表中列出的九个致癌信号通路 1从cbioportal提取特征集。然而,两种途径NRF2和TGF-区没有显示任何改变,因此被排除在进一步分析之外。如图所示 2,途径改变的分布是不平衡的,观察到过多或稀缺的变化。在多数族裔和少数族裔之间存在显着差异的情况下,ML算法倾向于将其分类结果偏向多数级别,从而导致偏差的结果[56]。尽管达到高精度,但该算法可能无法在其他性能指标(例如灵敏度(回忆)或F1得分)方面发挥最佳性能。尽管表现出色,但Smote可能无法有效处理数据中的严重失衡。为了应对这一挑战,选择了最小不平衡(<30%)的前四个致癌信号通路进行模型训练。这些途径包括PI3K,TP53,RTK-RAS,WNT和Notch信号通路,已证明会显着影响GBM [29,,,,30,,,,31,,,,32,,,,33,,,,34,,,,36,,,,37,,,,38,,,,39,,,,40,,,,41]。

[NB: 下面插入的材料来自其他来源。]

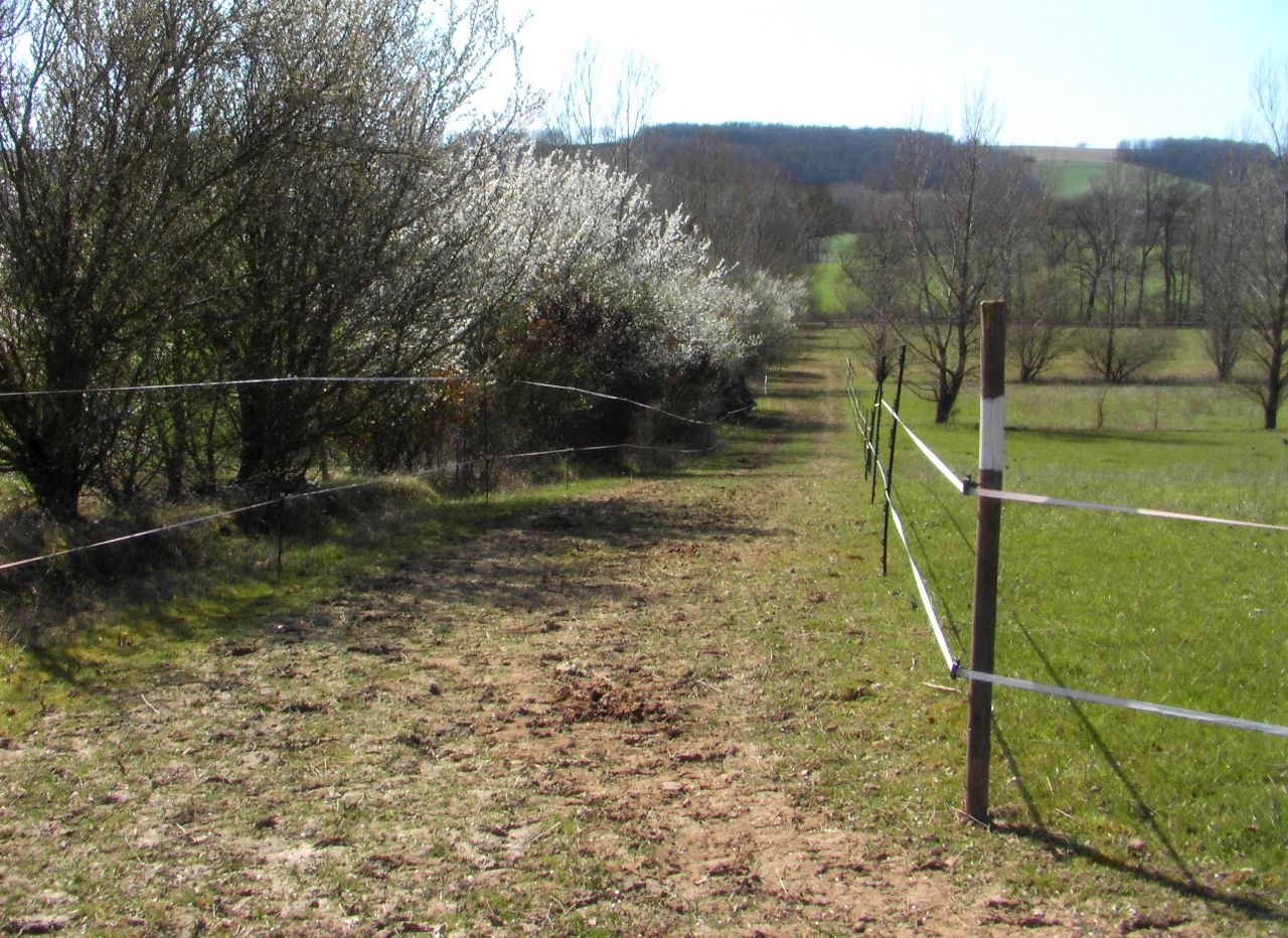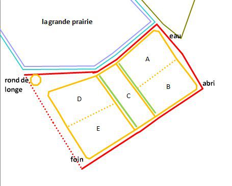 | Dire merci | Bonjour! Voilà je me pose pas mal de question car je viens de réaliser mon rêve en achetant une petite maison avec un graaaand terrain Au printemps prochain, j'aimerais bien y mettre mon cheval ainsi qu'un pote pour lui (ça c'est encore à voir qui, mais probablement un retraité d'une amie). C'est tout nouveau pour moi, je n'ai jamais eu de chevaux à la maison! J'ai quand meme une petite expérience de gestion de prairie car quand mon cheval était poulain, il était au pré H24 et on gerait ce pré à 2 voir 3 proprios, niveau nettoyage de l'abris, eau, compléments, foins, gestion de prairies etc... Et ce pendant 1an et demi. On allait s'en occuper à tours de roles. Il y avait entre 2 et 4 chevaux. Mais bon, être 100% responsable c'est encore autre chose! Bref, je voulais avoir votre avis concernant la gestion de la prairie tout au long de l'année à partir des photos et description de mon terrain pour pas faire de bêtises! Voir comment vous feriez les choses, aussi niveau emplacement des futurs boxes (j'aimerais en construire 2) et éventuellement une petite piste! Alors nue partie des prairies sont enclavées dans les miennes, donc je n'en suis pas officilement propriétaire, mais le terrain a été hérité par 8 enfants, et je peux l'utiliser pour mettre des chevaux(ça entretiens!) mais je ne peux donc pas faire de cloture fixes (a terme j'aimerais voir pour racheter le terrain évidement, mais on verra quand les finances suivront ^^). J'ai calculé en mesurant sur l'écran de mon ordinateur +/- la taille des terrains. La partie en haut fait presque 70ares (dont un peu plus de la moitier au milieu ne m'appartient pas, la partie le long du chemin de servitude en noir est à moi). La partie cloturée en jaune fait 37 ares et le verger en bas à droite, fait 12 ares. Bref, j'ai en tout plus d'un hectare à ma disposition! Les mesures sur l'écran sont a mon avis un peu surévaluées. Mais bon ya de quoi faire quand meme! Alors voilà le terrainn, entouré en rouge ![]() En vrai ca donne ca: la partie au dessus au mois d'aout: A droite le chemin de servitude, et tout à gauche on voit un petit peu la cloture déjà installée pour chevaux. Ca va en longueur jusqu'aux arbres au fond. ![]() Et la partie cloturée (en jaune sur la carte), vue du fond, en regardant vers la maison Là clairement ya plus grand chose, il y avait 3 poneys à l'année jusqu'en septembre sur cette zone cloturée ![]() |

RTK-RAS,PI3K,Notch,TP53和Wnt信号通路与它们的相互作用和交叉调节相互联系,在开发和推进GBM方面起着重要作用[29,,,,30,,,,31,,,,32,,,,33,,,,34,,,,36,,,,37,,,,38,,,,39,,,,40,,,,41]。认识到这些信号通路并理解它们之间的串扰对于管理和推进目标疗法至关重要。在图2中的一个沮丧情节中描绘了跨受试者的信号通路之间的关系。 3。

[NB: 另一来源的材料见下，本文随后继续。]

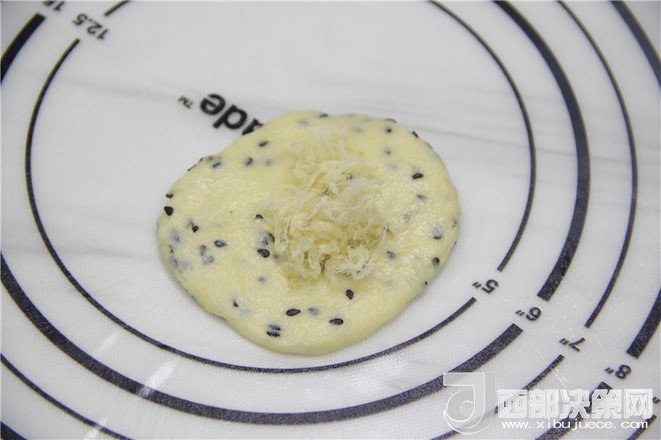 6.放入肉松,用虎口捏緊,收口朝下。

从遵循IBSI标准的101个标准功能得出的1284个特征的全面放射线特征集,从四个成像序列(T1,T2,T1C,Flair)及其相应的分割掩码中获得。提取的特征包括一阶,体积和基于强度的纹理特征,分为一阶,形状,GLCM,GLDM,GLRLM,GLRLM,GLSZM和NGTDM,并在表格中列出了所有107个功能 2。表2从MRI扫描中提取的特征的全面列表,用于类别形状,一阶,GLCM,GLDM,GLRLM,GLSZM和NGTDM减少维度和特征选择
为每种途径选择的前10个功能显示在表中 3。
在预处理,功能工程和数据拆分之后,最终数据队列由TCGA的167名受试者(GBMâ= 98,LGGâ=â= 69)和CPTAC的19个受试者组成。将CTPAC的19位受试者放在一边以进行数据验证是适合的;但是,由于CPTAC数据集的信号传导途径的严重失衡,实验是在三个单独的数据集中进行的,这是通过将同时分配到训练和验证集中的三个单独的数据集中(图。 4)。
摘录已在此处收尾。